Back to Ray

Saving and Loading Checkpoints

doc/source/train/user-guides/checkpoints.rst

1.13.120.3 KB
Original Source

.. _train-checkpointing:

Saving and Loading Checkpoints

Ray Train provides a way to snapshot training progress with :class:Checkpoints <ray.train.Checkpoint>.

This is useful for:

  1. Storing the best-performing model weights: Save your model to persistent storage, and use it for downstream serving or inference.
  2. Fault tolerance: Handle worker process and node failures in a long-running training job and leverage pre-emptible machines.
  3. Distributed checkpointing: Ray Train checkpointing can be used to :ref:upload model shards from multiple workers in parallel. <train-distributed-checkpointing>

.. _train-dl-saving-checkpoints:

Saving checkpoints during training

The :class:Checkpoint <ray.train.Checkpoint> is a lightweight interface provided by Ray Train that represents a directory that exists on local or remote storage.

For example, a checkpoint could point to a directory in cloud storage: s3://my-bucket/my-checkpoint-dir. A locally available checkpoint points to a location on the local filesystem: /tmp/my-checkpoint-dir.

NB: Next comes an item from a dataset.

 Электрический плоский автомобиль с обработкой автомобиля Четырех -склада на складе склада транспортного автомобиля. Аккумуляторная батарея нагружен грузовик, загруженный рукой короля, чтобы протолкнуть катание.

Here's how you save a checkpoint in the training loop:

  1. Write your model checkpoint to a local directory.

    • Since a :class:Checkpoint <ray.train.Checkpoint> just points to a directory, the contents are completely up to you.
    • This means that you can use any serialization format you want.
    • This makes it easy to use familiar checkpoint utilities provided by training frameworks, such as torch.save, pl.Trainer.save_checkpoint, Accelerate's accelerator.save_model, Transformers' save_pretrained, tf.keras.Model.save, etc.
  2. Create a :class:Checkpoint <ray.train.Checkpoint> from the directory using :meth:Checkpoint.from_directory <ray.train.Checkpoint.from_directory>.

  3. Report the checkpoint to Ray Train using :func:ray.train.report(metrics, checkpoint=...) <ray.train.report>.

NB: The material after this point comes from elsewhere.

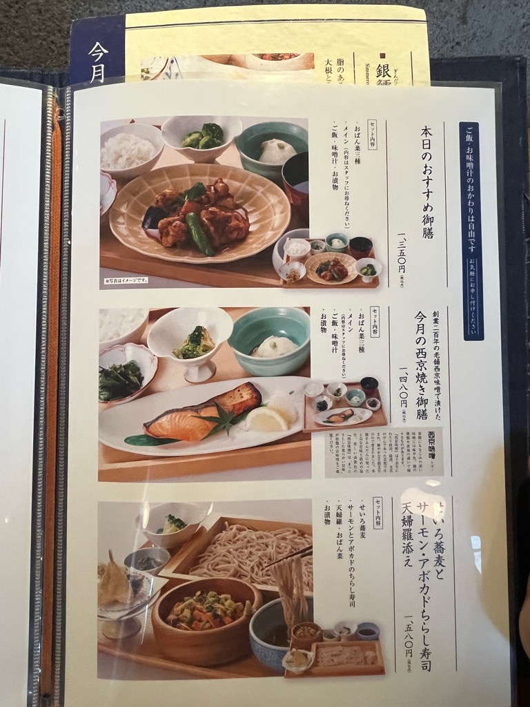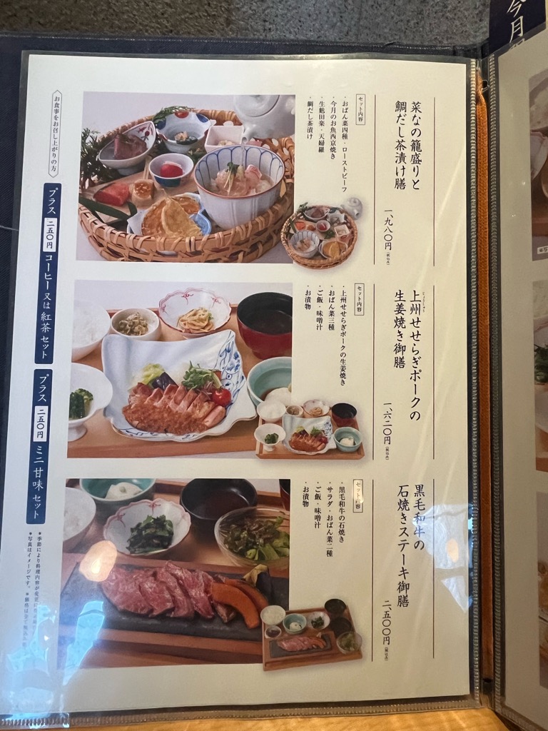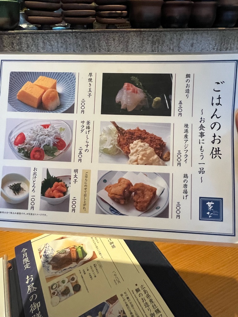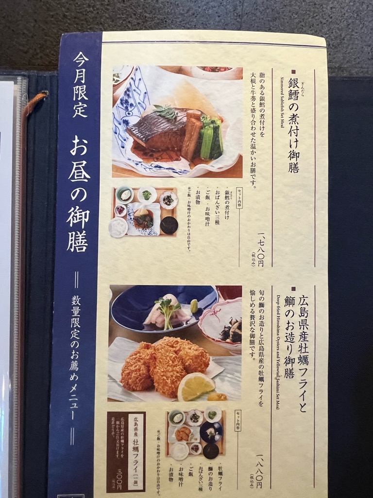 メニューがこちら。今回は「銀鱈の煮付け御膳(1780円)」と「アジフライ(300円)」を注文。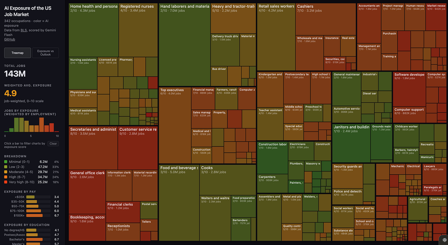 The heat map Karpathy built is the most honest version of that ground shift I’ve seen in a visual format. It’s not a prediction. It’s a description of structural vulnerability based on what these jobs actually require people to do.

    • The metrics reported alongside the checkpoint are used to :ref:keep track of the best-performing checkpoints <train-dl-configure-checkpoints>.
    • This will upload the checkpoint to persistent storage if configured. See :ref:persistent-storage-guide.

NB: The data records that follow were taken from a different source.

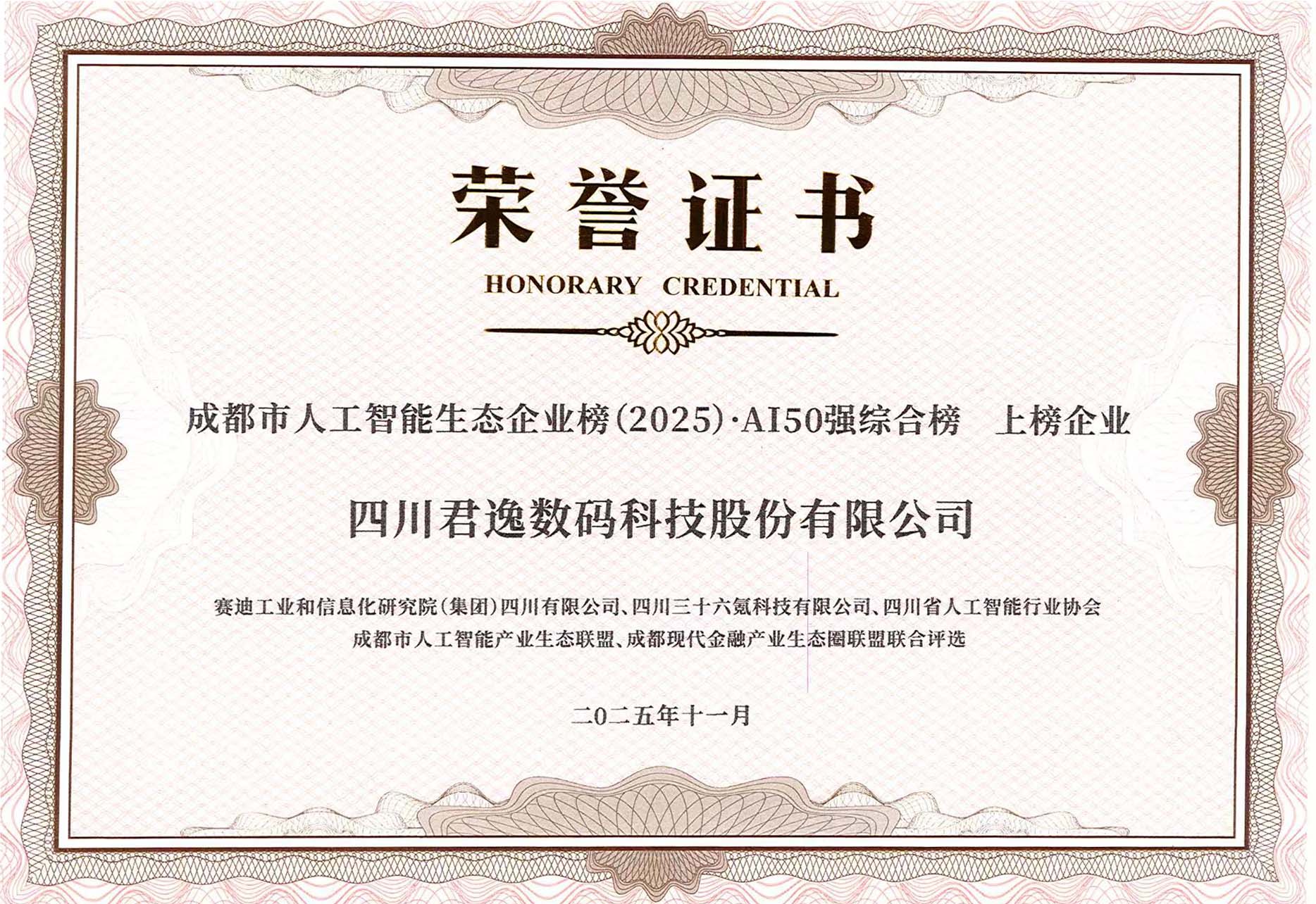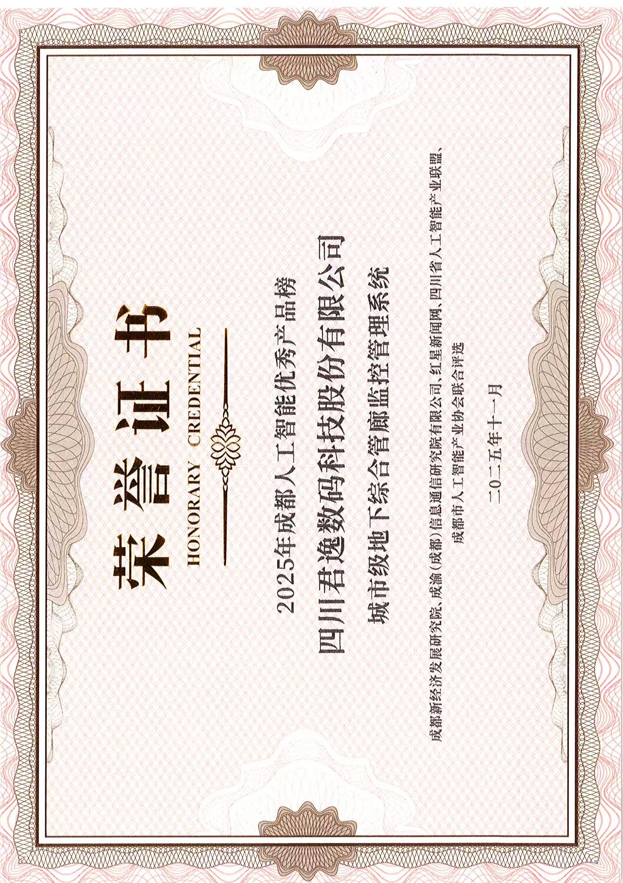 11月14日,由成都市經(jīng)信局市新經(jīng)濟(jì)委主辦的成都市人工智能產(chǎn)業(yè)發(fā)布活動(dòng)成功舉辦。君逸數(shù)碼憑借在人工智能領(lǐng)域的綜合實(shí)力與創(chuàng)新成果,成功入選“成都市人工智能生態(tài)企業(yè)榜(2025)·AI50強(qiáng)綜合榜”。同時(shí),公司旗下核心產(chǎn)品——城市級(jí)地下綜合管廊監(jiān)控管理系統(tǒng)憑借其創(chuàng)新技術(shù)與廣泛應(yīng)用,實(shí)力斬獲“2025年成都人工智能優(yōu)秀產(chǎn)品榜”獎(jiǎng)項(xiàng),彰顯了公司在AI技術(shù)與智慧城市融合應(yīng)用方面的實(shí)力。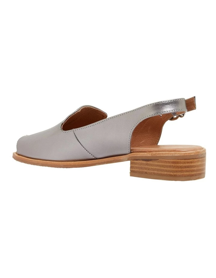 The Delaney leather sandal features a peep toe and loafer-like design with a sling back adjustable strap.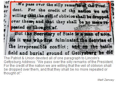 “This infamous ‘review,’ which seems to imply the newspaper ignored the Gettysburg Address altogether, is also trotted out on occasion as evidence of how newspaper people sometimes miss history being made right in front of their notebooks.”

.. figure:: ../images/checkpoint_lifecycle.png

The lifecycle of a :class:`~ray.train.Checkpoint`, from being saved locally
to disk to being uploaded to persistent storage via ``train.report``.

As shown in the figure above, the best practice for saving checkpoints is to first dump the checkpoint to a local temporary directory. Then, the call to train.report uploads the checkpoint to its final persistent storage location. Then, the local temporary directory can be safely cleaned up to free up disk space (e.g., from exiting the tempfile.TemporaryDirectory context).

.. tip::

In standard DDP training, where each worker has a copy of the full-model, you should
only save and report a checkpoint from a single worker to prevent redundant uploads.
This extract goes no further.